** Supplied material **
>>>
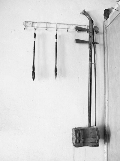 劉萬芳死后,同事蔣得地把手風琴鎖進了皮匣。他清晰地記得,兩人的最后一次唱和發生在去年六一兒童節匯報演出。此后,劉萬芳“高血壓”纏身,加之事務繁忙,二胡被束之高閣,再也沒拉響,如今,它已是塵埃滿布,再也發不出聲響。
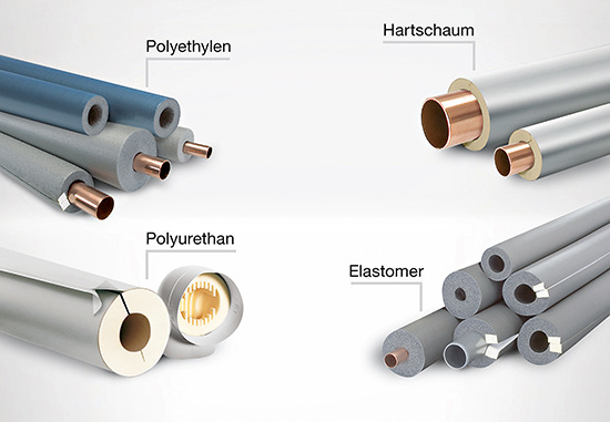 Polyurethan-Dämmstoffe sollten allerdings nur auf warmgehenden Leitungen eingesetzt werden. Sie werden wie z. B. Armalok als ummantelte Rohrschalen, Bogen und Ventilkappen geliefert und sind insbesondere für die nachträgliche Dämmung im Sichtbereich geeignet.
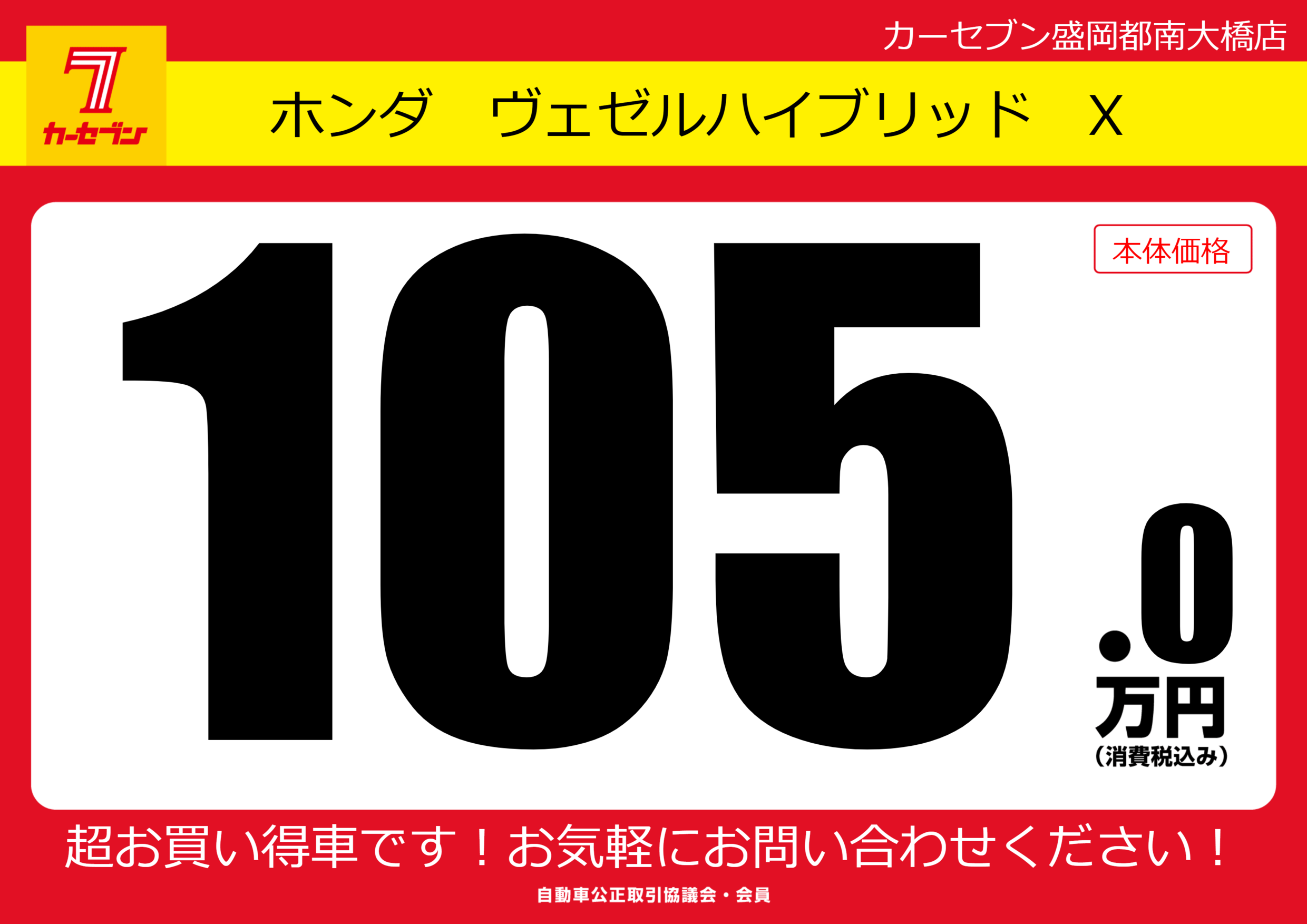 | 車名 | ホンダ ヴェゼルハイブリッド X | グレード ミッション 排気量 |
<<<
Only the pictures are to be left out; all other material is to be output exactly.

 劉萬芳死后,同事蔣得地把手風琴鎖進了皮匣。他清晰地記得,兩人的最后一次唱和發生在去年六一兒童節匯報演出。此后,劉萬芳“高血壓”纏身,加之事務繁忙,二胡被束之高閣,再也沒拉響,如今,它已是塵埃滿布,再也發不出聲響。
 Polyurethan-Dämmstoffe sollten allerdings nur auf warmgehenden Leitungen eingesetzt werden. Sie werden wie z. B. Armalok als ummantelte Rohrschalen, Bogen und Ventilkappen geliefert und sind insbesondere für die nachträgliche Dämmung im Sichtbereich geeignet.
 | 車名 | ホンダ ヴェゼルハイブリッド X | グレード ミッション 排気量 |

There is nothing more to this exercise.